ACTION ITEM:
Find every line in the records below that holds the word "period", and copy each one.
--
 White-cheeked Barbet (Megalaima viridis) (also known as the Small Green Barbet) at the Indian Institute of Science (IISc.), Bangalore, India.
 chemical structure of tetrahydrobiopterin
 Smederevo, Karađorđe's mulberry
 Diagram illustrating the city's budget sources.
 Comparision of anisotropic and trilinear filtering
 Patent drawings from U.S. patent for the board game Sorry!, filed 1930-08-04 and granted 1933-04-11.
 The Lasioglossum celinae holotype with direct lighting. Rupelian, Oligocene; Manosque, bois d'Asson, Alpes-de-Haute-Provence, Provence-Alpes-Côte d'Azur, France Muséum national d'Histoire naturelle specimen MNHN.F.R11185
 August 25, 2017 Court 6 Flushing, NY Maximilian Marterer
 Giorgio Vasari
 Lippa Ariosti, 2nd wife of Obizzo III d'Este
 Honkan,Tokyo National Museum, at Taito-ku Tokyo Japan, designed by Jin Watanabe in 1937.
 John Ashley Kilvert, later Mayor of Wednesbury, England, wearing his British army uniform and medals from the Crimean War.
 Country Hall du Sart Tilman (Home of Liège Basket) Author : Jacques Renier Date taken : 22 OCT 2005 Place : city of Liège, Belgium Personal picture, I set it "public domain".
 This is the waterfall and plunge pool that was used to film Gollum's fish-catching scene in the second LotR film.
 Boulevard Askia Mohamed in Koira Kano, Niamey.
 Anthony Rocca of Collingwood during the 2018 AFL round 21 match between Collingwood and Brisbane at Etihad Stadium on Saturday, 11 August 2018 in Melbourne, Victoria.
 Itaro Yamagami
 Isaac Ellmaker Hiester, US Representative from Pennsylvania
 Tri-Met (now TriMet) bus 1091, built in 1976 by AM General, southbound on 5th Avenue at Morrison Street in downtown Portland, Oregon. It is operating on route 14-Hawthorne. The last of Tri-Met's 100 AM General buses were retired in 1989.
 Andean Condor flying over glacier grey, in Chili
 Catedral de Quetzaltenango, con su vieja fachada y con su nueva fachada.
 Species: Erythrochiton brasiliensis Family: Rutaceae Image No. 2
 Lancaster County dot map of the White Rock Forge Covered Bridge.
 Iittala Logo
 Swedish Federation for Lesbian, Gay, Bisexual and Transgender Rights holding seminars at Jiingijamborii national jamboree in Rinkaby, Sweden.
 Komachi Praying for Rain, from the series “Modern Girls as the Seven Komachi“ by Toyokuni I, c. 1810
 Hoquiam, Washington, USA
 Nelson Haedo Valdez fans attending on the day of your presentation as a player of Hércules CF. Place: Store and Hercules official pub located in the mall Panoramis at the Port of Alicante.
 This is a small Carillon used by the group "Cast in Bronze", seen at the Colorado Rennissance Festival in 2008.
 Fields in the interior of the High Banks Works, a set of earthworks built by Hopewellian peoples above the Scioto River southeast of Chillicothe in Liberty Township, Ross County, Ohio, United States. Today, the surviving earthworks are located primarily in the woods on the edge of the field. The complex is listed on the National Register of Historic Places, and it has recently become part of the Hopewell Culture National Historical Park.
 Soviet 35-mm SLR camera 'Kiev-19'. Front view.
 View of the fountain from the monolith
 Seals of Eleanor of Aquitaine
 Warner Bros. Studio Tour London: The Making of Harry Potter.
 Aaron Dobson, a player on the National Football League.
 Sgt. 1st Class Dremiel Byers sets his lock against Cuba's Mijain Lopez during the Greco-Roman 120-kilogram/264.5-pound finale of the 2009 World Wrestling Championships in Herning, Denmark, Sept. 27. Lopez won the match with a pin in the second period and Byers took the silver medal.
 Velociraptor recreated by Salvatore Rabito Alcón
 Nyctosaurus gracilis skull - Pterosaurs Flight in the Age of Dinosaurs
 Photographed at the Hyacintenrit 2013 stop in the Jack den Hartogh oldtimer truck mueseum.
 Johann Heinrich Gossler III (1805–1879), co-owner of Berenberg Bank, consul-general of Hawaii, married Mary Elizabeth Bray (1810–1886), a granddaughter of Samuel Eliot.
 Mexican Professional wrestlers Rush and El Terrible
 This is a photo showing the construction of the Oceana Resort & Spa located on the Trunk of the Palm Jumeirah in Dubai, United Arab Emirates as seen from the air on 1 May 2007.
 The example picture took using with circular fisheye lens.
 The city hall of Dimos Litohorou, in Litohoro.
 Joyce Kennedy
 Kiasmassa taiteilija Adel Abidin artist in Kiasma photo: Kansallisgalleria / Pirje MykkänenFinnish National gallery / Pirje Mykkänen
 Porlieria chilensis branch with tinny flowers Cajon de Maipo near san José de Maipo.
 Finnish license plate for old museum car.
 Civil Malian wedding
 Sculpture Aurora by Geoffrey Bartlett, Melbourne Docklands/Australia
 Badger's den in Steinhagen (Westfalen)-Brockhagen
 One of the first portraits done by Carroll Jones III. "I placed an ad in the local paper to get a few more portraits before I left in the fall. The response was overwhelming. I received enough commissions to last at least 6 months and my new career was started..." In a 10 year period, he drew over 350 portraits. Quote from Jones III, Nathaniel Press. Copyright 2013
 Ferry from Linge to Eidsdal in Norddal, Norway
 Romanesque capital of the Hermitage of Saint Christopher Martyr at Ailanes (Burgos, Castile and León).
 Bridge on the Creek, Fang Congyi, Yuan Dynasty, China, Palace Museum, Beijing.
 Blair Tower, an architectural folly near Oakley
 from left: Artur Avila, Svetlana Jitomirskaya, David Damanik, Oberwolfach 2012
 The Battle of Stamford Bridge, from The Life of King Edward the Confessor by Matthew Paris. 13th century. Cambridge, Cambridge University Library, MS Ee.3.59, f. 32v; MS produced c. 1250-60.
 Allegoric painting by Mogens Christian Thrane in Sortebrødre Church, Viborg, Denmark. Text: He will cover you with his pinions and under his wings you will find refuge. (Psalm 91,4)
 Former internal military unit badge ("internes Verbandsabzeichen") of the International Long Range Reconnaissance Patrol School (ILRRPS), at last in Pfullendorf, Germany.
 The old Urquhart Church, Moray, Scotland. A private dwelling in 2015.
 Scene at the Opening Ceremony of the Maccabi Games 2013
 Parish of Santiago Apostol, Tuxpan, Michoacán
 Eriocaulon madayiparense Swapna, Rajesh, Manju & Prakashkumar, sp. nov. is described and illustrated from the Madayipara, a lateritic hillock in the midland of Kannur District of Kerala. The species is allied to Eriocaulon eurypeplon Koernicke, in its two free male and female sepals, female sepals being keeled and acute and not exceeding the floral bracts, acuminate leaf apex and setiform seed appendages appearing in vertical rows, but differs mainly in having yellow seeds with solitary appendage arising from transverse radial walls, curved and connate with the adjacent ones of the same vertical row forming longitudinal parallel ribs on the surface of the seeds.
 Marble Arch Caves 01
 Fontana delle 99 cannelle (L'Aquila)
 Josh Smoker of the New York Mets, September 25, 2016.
--
ANSWER TO THIS TASK:
 Sgt. 1st Class Dremiel Byers sets his lock against Cuba's Mijain Lopez during the Greco-Roman 120-kilogram/264.5-pound finale of the 2009 World Wrestling Championships in Herning, Denmark, Sept. 27. Lopez won the match with a pin in the second period and Byers took the silver medal.
 One of the first portraits done by Carroll Jones III. "I placed an ad in the local paper to get a few more portraits before I left in the fall. The response was overwhelming. I received enough commissions to last at least 6 months and my new career was started..." In a 10 year period, he drew over 350 portraits. Quote from Jones III, Nathaniel Press. Copyright 2013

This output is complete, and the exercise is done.